Some of you might have been already using Apache Spark in your day-to-day life and might have been wondering if I have Spark why I need to use Flink? The question is quite expected and the comparison is natural. Let me try to answer that in brief. The very first thing we need to understand here is Flink is based on the streaming first principle which means it is real streaming processing engine and not a fast processing engine that collects streams as mini batches. Flink considers batch processing as a special case of streaming whereas it is vice-versa in the case of Spark. Likewise we will discover more such differences throughout this book.
This book is about one of the most promising technologies--Apache Flink. In this chapter we are going to talk about the following topics:
History
Architecture
Distributed execution
Features
Quick start setup
Cluster setup
Running a sample application
Flink started as a research project named Stratosphere with the goal of building a next generation big data analytics platform at universities in the Berlin area. It was accepted as an Apache Incubator project on April 16, 2014. Initial versions of Stratosphere were based on a research paper by Nephele at http://stratosphere.eu/assets/papers/Nephele_09.pdf.
The following diagram shows how the evolution of Stratosphere happened over time:
The very first version of Stratosphere was focused on having a runtime, optimizer, and the Java API. Later, as the platform got more mature, it started supporting execution on various local environments as well as on YARN. From version 0.6, Stratosphere was renamed Flink. The latest versions of Flink are focused on supporting various features such as batch processing, stream processing, graph processing, machine learning, and so on.
Flink 0.7 introduced the most important feature of Flink that is, Flink's streaming API. Initially release only had the Java API. Later releases started supporting Scala API as well. Now let's look the current architecture of Flink in the next section.
Flink 1.X's architecture consists of various components such as deploy, core processing, and APIs. We can easily compare the latest architecture with Stratosphere's architecture and see its evolution. The following diagram shows the components, APIs, and libraries:
Flink has a layered architecture where each component is a part of a specific layer. Each layer is built on top of the others for clear abstraction. Flink is designed to run on local machines, in a YARN cluster, or on the cloud. Runtime is Flink's core data processing engine that receives the program through APIs in the form of JobGraph. JobGraph is a simple parallel data flow with a set of tasks that produce and consume data streams.

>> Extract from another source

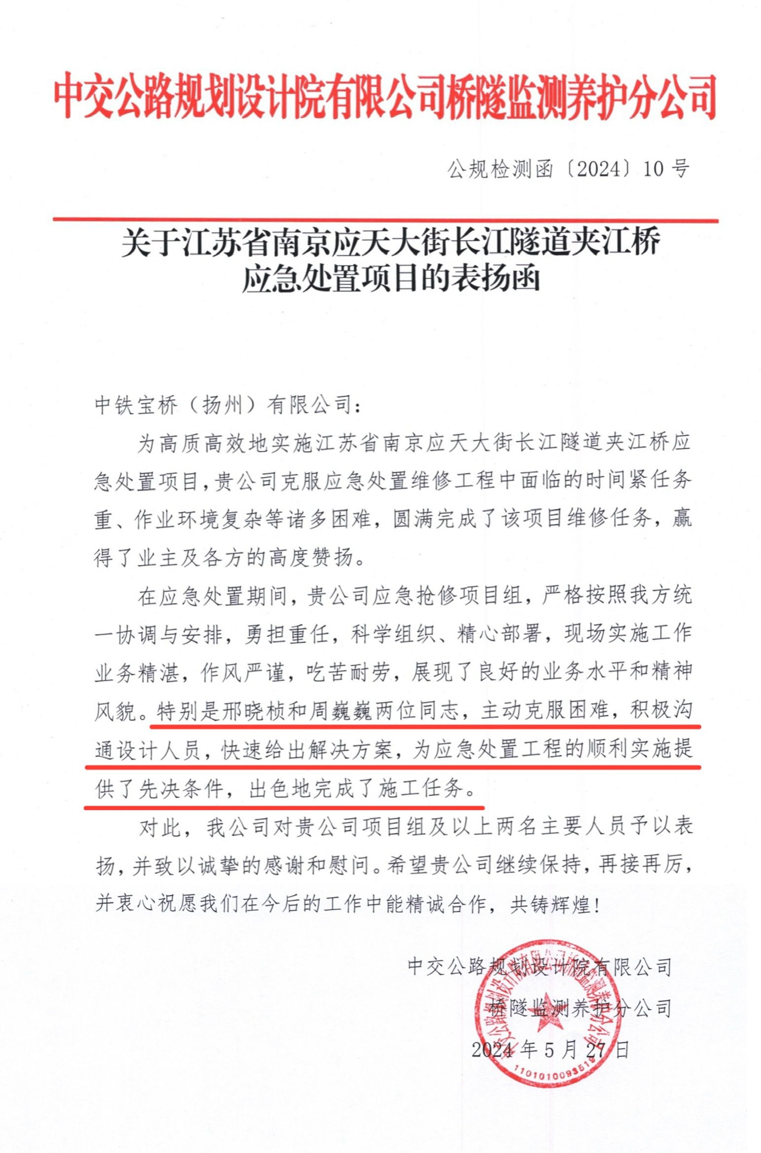 表扬是赞誉亦是信任。未来,扬州公司会持续增强桥梁维修的专业能力与服务水平,以卓越服务品质打造桥梁维修的宝桥“金名片”。

The DataStream and DataSet APIs are the interfaces programmers can use for defining the Job. JobGraphs are generated by these APIs when the programs are compiled. Once compiled, the DataSet API allows the optimizer to generate the optimal execution plan while DataStream API uses a stream build for efficient execution plans.

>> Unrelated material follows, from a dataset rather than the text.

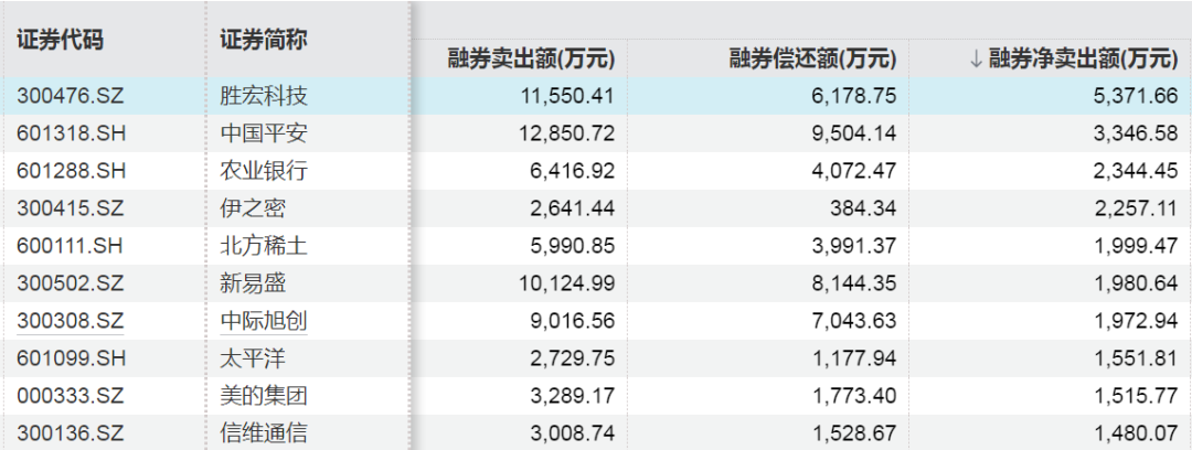 10月融券净卖出额居前的股票为胜宏科技、中国平安、农业银行(601288),分别为5371.66万元、3346.58万元、2344.45万元。

The optimized JobGraph is then submitted to the executors according to the deployment model. You can choose a local, remote, or YARN mode of deployment. If you have a Hadoop cluster already running, it is always better to use a YARN mode of deployment.

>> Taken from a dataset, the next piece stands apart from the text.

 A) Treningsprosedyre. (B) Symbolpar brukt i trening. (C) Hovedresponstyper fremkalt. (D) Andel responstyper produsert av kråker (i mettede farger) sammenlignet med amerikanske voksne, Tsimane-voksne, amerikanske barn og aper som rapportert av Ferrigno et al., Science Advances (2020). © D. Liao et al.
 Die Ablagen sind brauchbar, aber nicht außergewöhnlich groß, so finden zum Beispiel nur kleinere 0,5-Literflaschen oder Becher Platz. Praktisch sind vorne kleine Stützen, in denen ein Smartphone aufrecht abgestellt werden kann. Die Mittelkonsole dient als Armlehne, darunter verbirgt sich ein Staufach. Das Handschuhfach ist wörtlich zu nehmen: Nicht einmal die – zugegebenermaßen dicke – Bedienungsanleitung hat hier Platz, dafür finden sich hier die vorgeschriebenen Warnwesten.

Flink's distributed execution consists of two important processes, master and worker. When a Flink program is executed, various processes take part in the execution, namely Job Manager, Task Manager, and Job Client.
The following diagram shows the Flink program execution:
The Flink program needs to be submitted to a Job Client. The Job Client then submits the job to the Job Manager. It's the Job Manager's responsibility to orchestrate the resource allocation and job execution. The very first thing it does is allocate the required resources. Once the resource allocation is done, the task is submitted to the respective the Task Manager. On receiving the task, the Task Manager initiates a thread to start the execution. While the execution is in place, the Task Managers keep on reporting the change of states to the Job Manager. There can be various states such as starting the execution, in progress, or finished. Once the job execution is complete, the results are sent back to the client.
The master processes, also known as Job Managers, coordinate and manage the execution of the program. Their main responsibilities include scheduling tasks, managing checkpoints, failure recovery, and so on.
There can be many Masters running in parallel and sharing these responsibilities. This helps in achieving high availability. One of the masters needs to be the leader. If the leader node goes down, the master node (standby) will be elected as leader.
The Job Manager consists of the following important components:
Actor system
Scheduler
Check pointing
Flink internally uses the Akka actor system for communication between the Job Managers and the Task Managers.
An actor system is a container of actors with various roles. It provides services such as scheduling, configuration, logging, and so on. It also contains a thread pool from where all actors are initiated. All actors reside in a hierarchy. Each newly created actor would be assigned to a parent. Actors talk to each other using a messaging system. Each actor has its own mailbox from where it reads all the messages. If the actors are local, the messages are shared through shared memory but if the actors are remote then messages are passed thought RPC calls.
Each parent is responsible for the supervision of its children. If any error happens with the children, the parent gets notified. If an actor can solve its own problem then it can restart its children. If it cannot solve the problem then it can escalate the issue to its own parent:
In Flink, an actor is a container having state and behavior. An actor's thread sequentially keeps on processing the messages it will receive in its mailbox. The state and the behavior are determined by the message it has received.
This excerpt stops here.